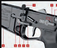
GEN 4 AMBI LOWER RECEIVER

We broke barriers and won awards when we released the piston driven .308 Revolution. By popular demand, The Revolution DI provides the same technology, same durability, same features, and same AR-15 size, but in a smaller direct impingement system featuring our 9-position adjustable Dictator gas block and Renegade rail. There is virtually nothing left to upgrade. The original Revolution weighed in at a paltry 7.35 pounds, turning heads for its incredible light weight and small stature for a .308. The Revolution DI weighs even less at 6.8 pounds with a 16" barrel, making it ideal for just about any situation you put it in.
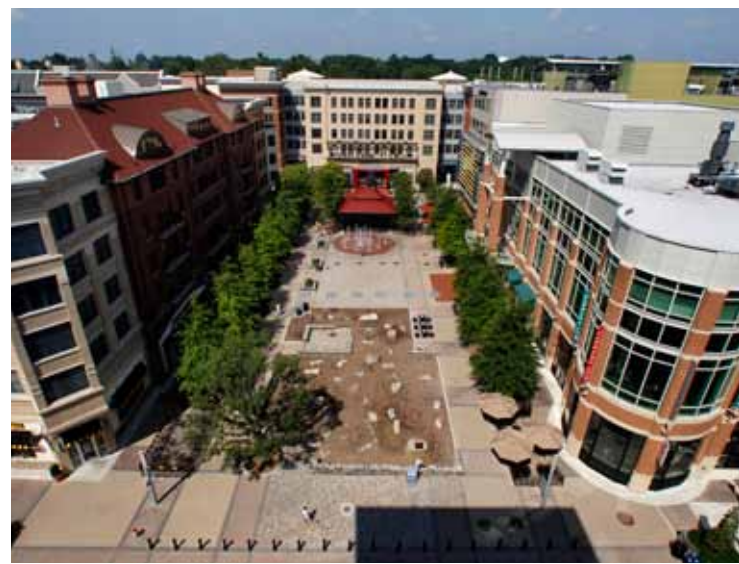
OUT OF THE DESERT: Magruder's Mall (left) was part of Rockville's sprawling downtown, which languished for 40 years. After the city's renaissance, the new Rockville Town Center (right) is a thriving downtown in an easily walkable area. July 17, 2008.
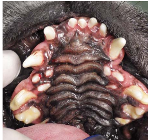
A horribly deformed, distorted and diseased maxilla of a pug (6500)
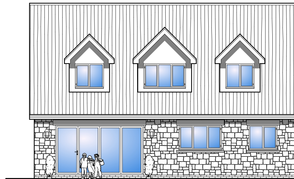
Rear Elevation as Proposed.
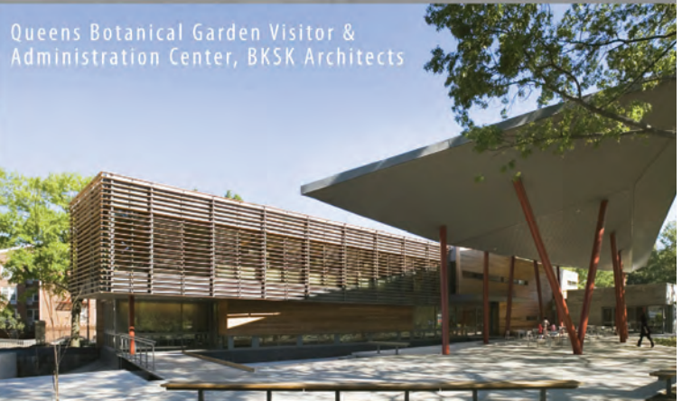
Queens Botanical Garden Visitor & Administration Center, BSKK Architects
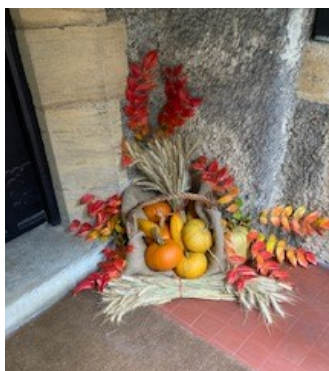
Harvest Festival floral arrangements at St Mary's October 2020
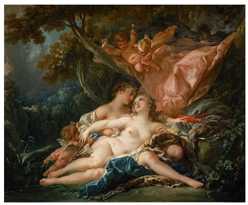
Figure 6. François Boucher, Jupiter in the Guise of Diana, and the Nymph Callisto, 1759, oil on canvas, (Nelson-Atkins Museum, Kansas City, MO).
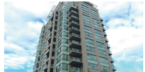
SYMPHONY - NORTH VANCOUVER PH PH1600-120 W 16th St., NV $1,998,000

N/W facing, 1350 S/F, 2 bed+den, 3 bath sub pent-house at Ateller designed by Robert Ledingham. Features stunning chef-inspired open kitchen with granite counters, SubZero appliances, 10' ceilings, A/C + huge S/W facing balcony. Vacant.
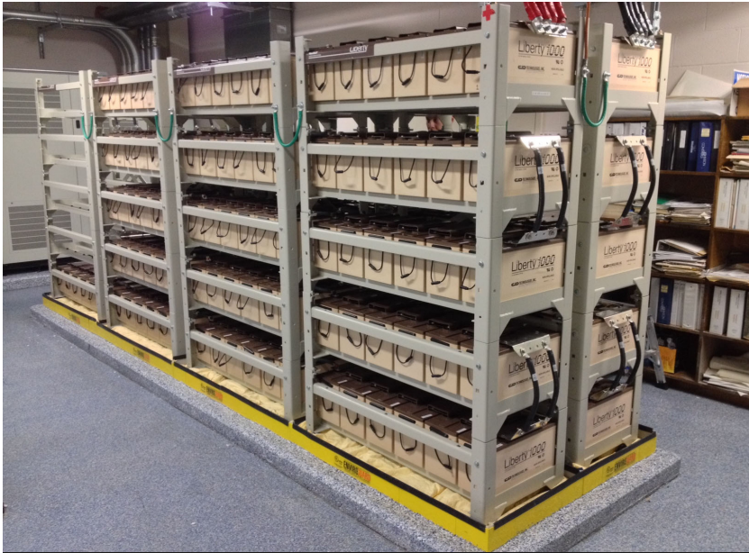
Stationary Battery & Power Electronics

The Krydon Group Inc. is C&D Technologies' exclusive government representative and manages all federal, state and local government orders. C&D products are providing backup power and smart energy solutions for the Government's critical information infrastructure at sea, at forward deployed bases, and here in the United States. Our products are made in the US and supported with US based personnel.
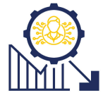
Reduction in investment in information technology
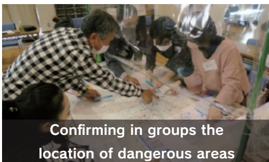
Confirming in groups the location of dangerous areas

The seminar on 'Support for Foreign Residents on Disaster Prevention Measures' was held for a total of 4 sessions from October to November. It was targeted towards foreign residents living in Satsuma Town and the surrounding Satsuma area, with Satsuma Town co-hosting the event. Overall, 29 Japanese participants and 25 foreign residents participated in the courses.
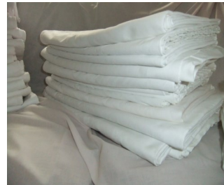
10 PLAIN CLOTHS TO COVER 6' TABLE
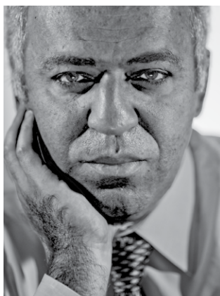
Garry Kasparov, World Chess Champion

The exhibition will be open through December 12, 2011.
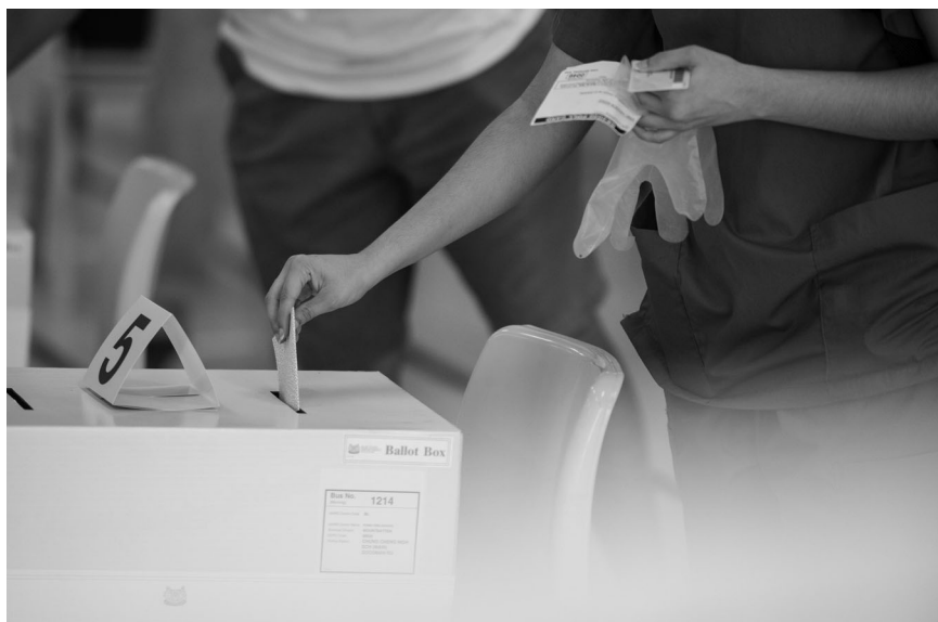
At the ballot box.
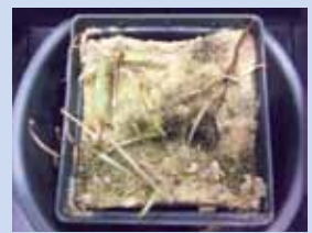
15 days after treatment

For optimal control, a second application may be needed 14 to 20 days after initial treatment.
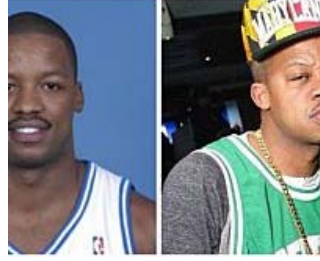
Tragedy: 10 Basketball Players That Have Aged Badly
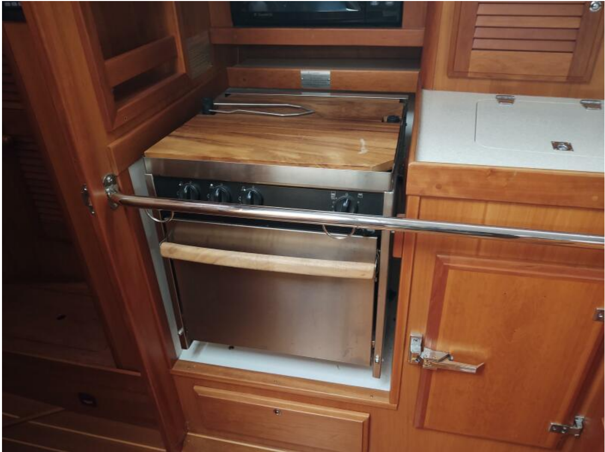
Synergy galley stove
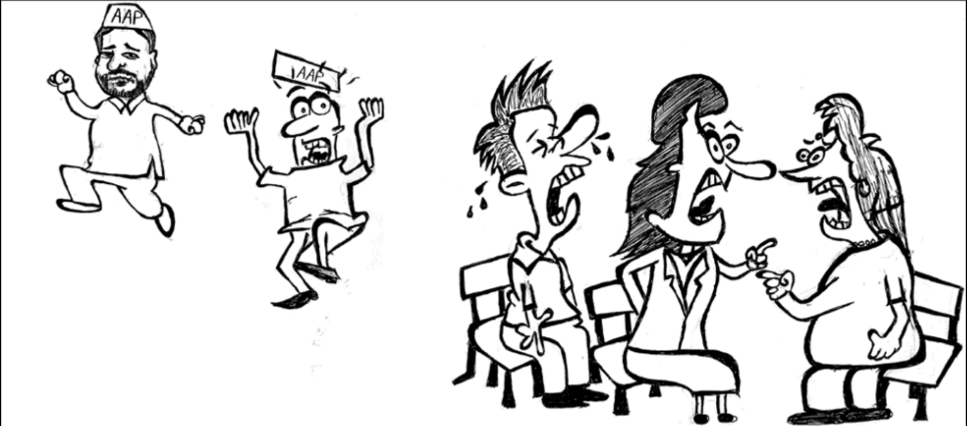
Chasing the Panelists
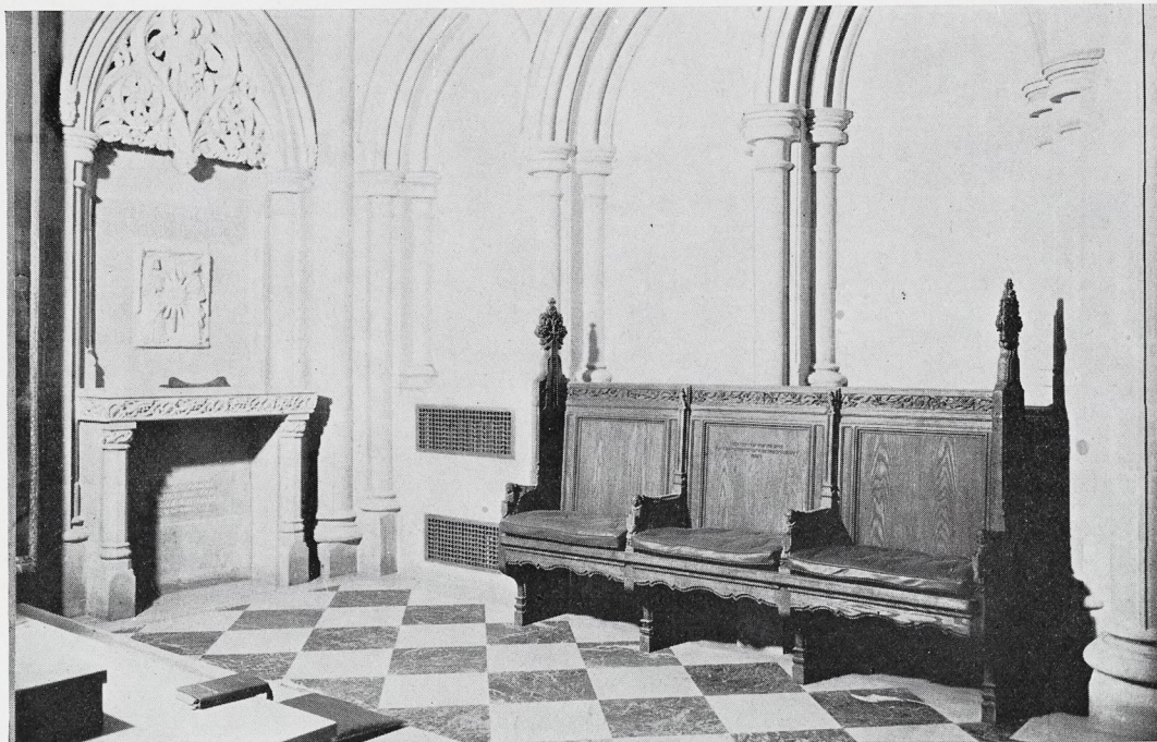
THE CREDESCENCE AND SEDILIA OF ST. JAMES CHURCH

and consume them as Elias did." No, at the very height of all our burning indignation against cruelty and wrong, we were called upon, as Christians, to love even the oppressors, to do good even to those who hated us, to pray for those that persecuted us, to be ready at last to go to the bitter end of crucifixion in divine love until we could say, "It is finished."
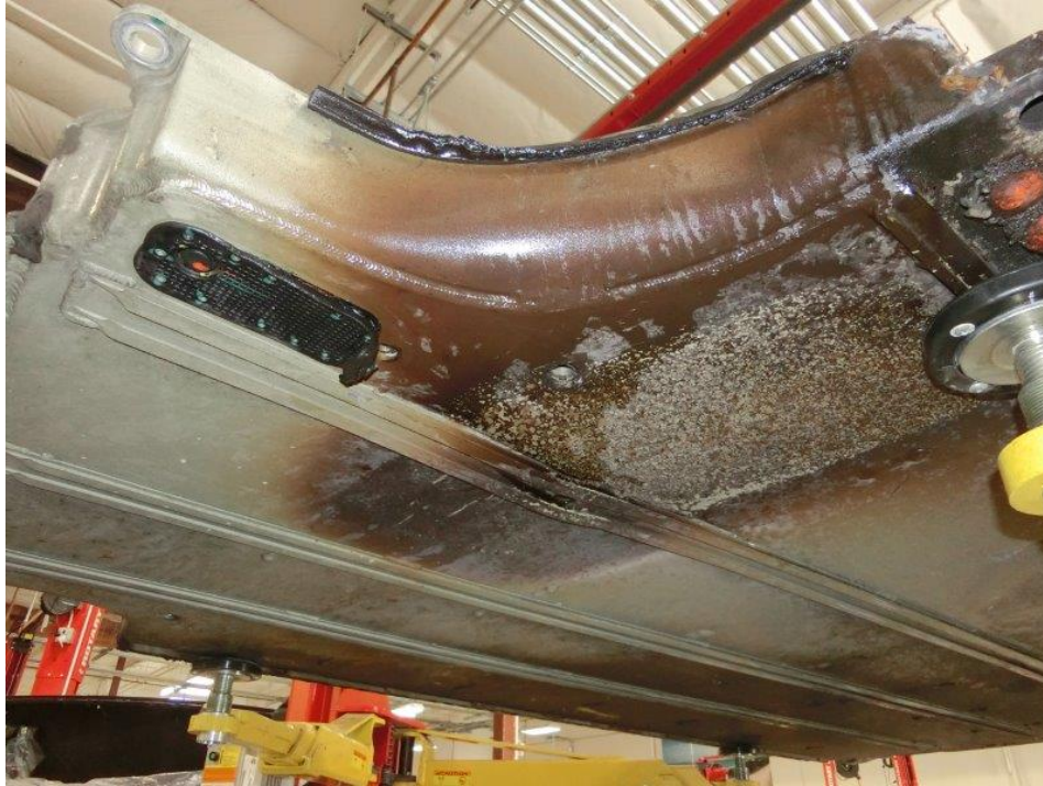
Sunnyvale Inspection Photo 4: view showing underside left front corner of battery pack

++++

◆ PROBLEM DETAILS ◆
Make an exact copy of the lines above, beginning with the line with "Reduction in investment" and ending with the line with "Confirming in groups", and keep the pictures out of it.

◆ RESULT FOR THIS TASK ◆
Reduction in investment in information technology
Confirming in groups the location of dangerous areas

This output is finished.